The problem: Only the lines from the one containing "Рис. 6. Реализация командной игры в баскетбол" through the end of the material are to be echoed, each exactly as it appears.

BEGIN

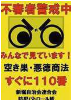
(上) 配布した防犯ポスター (下) 地域で掲示している様子
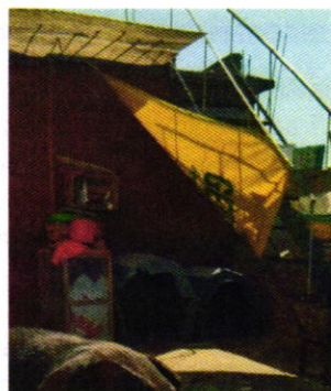
Figuras 1 y 2. Ejemplares caninos motivo de denuncia y sus sitios de alojamiento.

Es de resaltar que, en el Acuerdo de Admisión, que fue enviado por correo electrónico a la persona denunciante, se le hizo de conocimiento que contaba con un término de seis días hábiles para aportar las pruebas que estimara pertinentes en la investigación de los hechos, lo anterior conforme al artículo 90 del Reglamento de la Ley Orgánica de la Procuraduría Ambiental y del Ordenamiento Territorial de la Ciudad de México; sin embargo durante el procedimiento de investigación, no fueron proporcionados elementos de prueba que pudieran determinar incumplimiento a la normatividad en materia de bienestar animal.
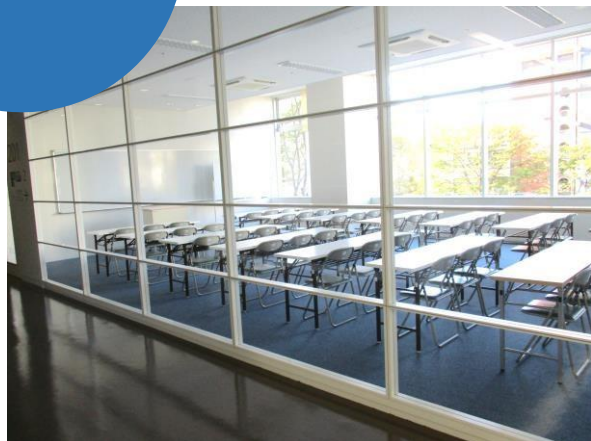
通路から見たところ

※学習室1と学習室2は、パーティションで仕切られています。(音漏れの可能性あり)
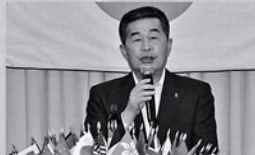
5月第2例会 東海市長 鈴木淳雄様
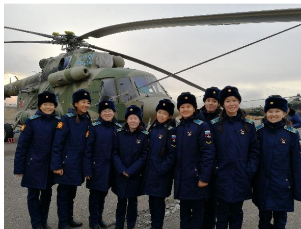
Фото2 Экскурсия в летную эскадрилью

Познавательным и результативным было мероприятие для воспитанников, стремящихся стать военными, классный час: «Военно-учетные специальности для женщин», где кадеты углубились в изучение военно-учетных специальностей (ВУС): узнали, что такое ВУС, его значение и структуру. Интересным моментом для девочек стало определение ВУС как кода, состоящего из шести цифр и одной буквы, который указывает на вид деятельности военнослужащего, что было наглядно показано на распечатанных страницах военного билета. Кадеты узнали, что ВУС помогает вести учет
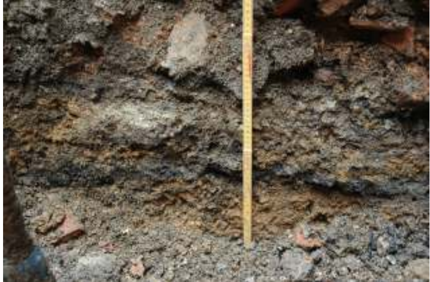
Figur 5. Sektion mot öster.

syntes som en brun lins med en ganska homogen fyllning i form av grå sandig silt. Denna undersöktes ej mer än i ytan då det ej skulle grävas djupare. Den östra sektionen uppvisade kulturlager som såg ut att vara möjliga brandlager, lerlager (golv?) och ett sandlager som kan vara spår av ett sättsandslager.
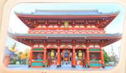
วัดฮาซาทสึ
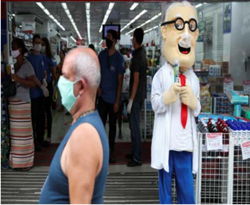
Outbreak of the coronavirus disease (COVID-19), in Rio de Janeiro
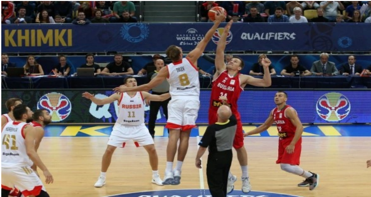
Рис. 6. Реализация командной игры в баскетбол

до 5 минут (нападение и защита в позиционной игре), наибольшее потребление кислорода достигается только к концу работы (за счёт анаэробно-аэробного процесса).

END

Task result:
Рис. 6. Реализация командной игры в баскетбол

до 5 минут (нападение и защита в позиционной игре), наибольшее потребление кислорода достигается только к концу работы (за счёт анаэробно-аэробного процесса).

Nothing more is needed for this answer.